[Dataset entries]
________________________________________

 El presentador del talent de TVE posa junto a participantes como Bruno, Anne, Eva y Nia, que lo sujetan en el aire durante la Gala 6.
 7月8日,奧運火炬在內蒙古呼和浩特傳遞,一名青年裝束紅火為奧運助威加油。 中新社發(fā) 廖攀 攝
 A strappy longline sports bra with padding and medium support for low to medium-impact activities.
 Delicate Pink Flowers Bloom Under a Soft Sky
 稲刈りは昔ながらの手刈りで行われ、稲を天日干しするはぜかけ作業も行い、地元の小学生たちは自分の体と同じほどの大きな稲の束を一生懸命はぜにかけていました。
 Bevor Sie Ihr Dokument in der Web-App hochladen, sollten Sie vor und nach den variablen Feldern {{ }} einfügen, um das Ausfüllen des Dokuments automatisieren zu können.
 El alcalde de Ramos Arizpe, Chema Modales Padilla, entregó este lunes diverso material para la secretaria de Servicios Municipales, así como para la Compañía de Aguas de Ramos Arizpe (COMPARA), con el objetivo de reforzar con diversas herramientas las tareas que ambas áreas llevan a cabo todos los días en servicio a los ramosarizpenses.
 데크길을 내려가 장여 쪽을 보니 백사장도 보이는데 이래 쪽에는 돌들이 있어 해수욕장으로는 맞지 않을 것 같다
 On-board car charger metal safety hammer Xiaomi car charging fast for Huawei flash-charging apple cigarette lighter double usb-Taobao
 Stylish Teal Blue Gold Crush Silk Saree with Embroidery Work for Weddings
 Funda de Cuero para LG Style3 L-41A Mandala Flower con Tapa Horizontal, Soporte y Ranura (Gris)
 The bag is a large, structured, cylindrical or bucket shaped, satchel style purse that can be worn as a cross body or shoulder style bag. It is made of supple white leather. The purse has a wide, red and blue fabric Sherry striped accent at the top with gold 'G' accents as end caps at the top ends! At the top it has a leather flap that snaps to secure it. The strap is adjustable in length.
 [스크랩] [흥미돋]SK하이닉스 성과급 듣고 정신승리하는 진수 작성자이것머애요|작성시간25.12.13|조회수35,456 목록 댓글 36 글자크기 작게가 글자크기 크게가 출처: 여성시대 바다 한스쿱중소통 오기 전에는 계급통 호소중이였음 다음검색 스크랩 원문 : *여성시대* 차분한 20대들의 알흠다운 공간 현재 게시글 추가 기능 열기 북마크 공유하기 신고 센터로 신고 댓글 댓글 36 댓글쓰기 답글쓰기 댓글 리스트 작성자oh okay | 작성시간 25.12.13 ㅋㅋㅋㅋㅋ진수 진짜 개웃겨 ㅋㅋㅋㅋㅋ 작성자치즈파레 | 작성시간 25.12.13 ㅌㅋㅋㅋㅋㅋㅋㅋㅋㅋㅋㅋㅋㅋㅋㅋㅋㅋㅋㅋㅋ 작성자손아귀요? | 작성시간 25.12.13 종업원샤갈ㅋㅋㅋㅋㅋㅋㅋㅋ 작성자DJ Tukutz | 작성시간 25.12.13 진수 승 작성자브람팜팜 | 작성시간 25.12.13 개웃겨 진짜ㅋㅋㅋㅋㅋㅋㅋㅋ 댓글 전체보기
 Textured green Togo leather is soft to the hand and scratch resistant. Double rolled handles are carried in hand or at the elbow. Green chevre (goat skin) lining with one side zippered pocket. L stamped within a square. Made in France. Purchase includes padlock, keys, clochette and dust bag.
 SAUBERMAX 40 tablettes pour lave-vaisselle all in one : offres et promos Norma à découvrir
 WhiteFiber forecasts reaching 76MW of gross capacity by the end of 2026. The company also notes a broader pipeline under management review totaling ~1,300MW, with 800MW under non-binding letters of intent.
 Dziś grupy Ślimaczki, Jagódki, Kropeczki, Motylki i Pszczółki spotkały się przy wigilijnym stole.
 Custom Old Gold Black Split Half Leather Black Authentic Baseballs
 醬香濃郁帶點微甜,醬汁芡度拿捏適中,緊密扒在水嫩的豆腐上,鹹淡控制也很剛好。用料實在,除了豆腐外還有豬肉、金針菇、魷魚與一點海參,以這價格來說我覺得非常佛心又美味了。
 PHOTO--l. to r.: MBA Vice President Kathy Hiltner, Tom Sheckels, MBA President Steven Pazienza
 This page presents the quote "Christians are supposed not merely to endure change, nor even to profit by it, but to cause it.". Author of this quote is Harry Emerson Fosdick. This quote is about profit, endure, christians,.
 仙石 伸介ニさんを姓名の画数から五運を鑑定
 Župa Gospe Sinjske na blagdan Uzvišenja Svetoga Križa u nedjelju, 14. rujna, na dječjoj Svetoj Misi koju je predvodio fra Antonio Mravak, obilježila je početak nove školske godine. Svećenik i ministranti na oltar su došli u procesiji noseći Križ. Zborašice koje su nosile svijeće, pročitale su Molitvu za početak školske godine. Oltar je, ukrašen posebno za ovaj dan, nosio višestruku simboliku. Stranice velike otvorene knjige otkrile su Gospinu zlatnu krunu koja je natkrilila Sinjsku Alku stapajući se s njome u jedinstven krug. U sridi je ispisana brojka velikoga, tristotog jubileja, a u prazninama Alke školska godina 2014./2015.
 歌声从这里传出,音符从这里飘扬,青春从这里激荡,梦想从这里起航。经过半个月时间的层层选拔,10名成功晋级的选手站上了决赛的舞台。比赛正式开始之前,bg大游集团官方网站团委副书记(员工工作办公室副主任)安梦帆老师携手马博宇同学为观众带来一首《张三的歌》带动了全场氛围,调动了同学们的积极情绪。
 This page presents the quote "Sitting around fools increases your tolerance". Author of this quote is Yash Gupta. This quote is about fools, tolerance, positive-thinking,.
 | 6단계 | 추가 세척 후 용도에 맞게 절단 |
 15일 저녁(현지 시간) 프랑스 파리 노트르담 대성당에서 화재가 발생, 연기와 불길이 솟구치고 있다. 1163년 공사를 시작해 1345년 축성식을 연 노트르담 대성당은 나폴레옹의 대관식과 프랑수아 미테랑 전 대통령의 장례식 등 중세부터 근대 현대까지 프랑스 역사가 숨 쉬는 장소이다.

________________________________________

> **EXERCISE DETAILS**: Look over the records above and copy each line that includes the string "como".

> **FINISHED TASK**:
 El presentador del talent de TVE posa junto a participantes como Bruno, Anne, Eva y Nia, que lo sujetan en el aire durante la Gala 6.
 El alcalde de Ramos Arizpe, Chema Modales Padilla, entregó este lunes diverso material para la secretaria de Servicios Municipales, así como para la Compañía de Aguas de Ramos Arizpe (COMPARA), con el objetivo de reforzar con diversas herramientas las tareas que ambas áreas llevan a cabo todos los días en servicio a los ramosarizpenses.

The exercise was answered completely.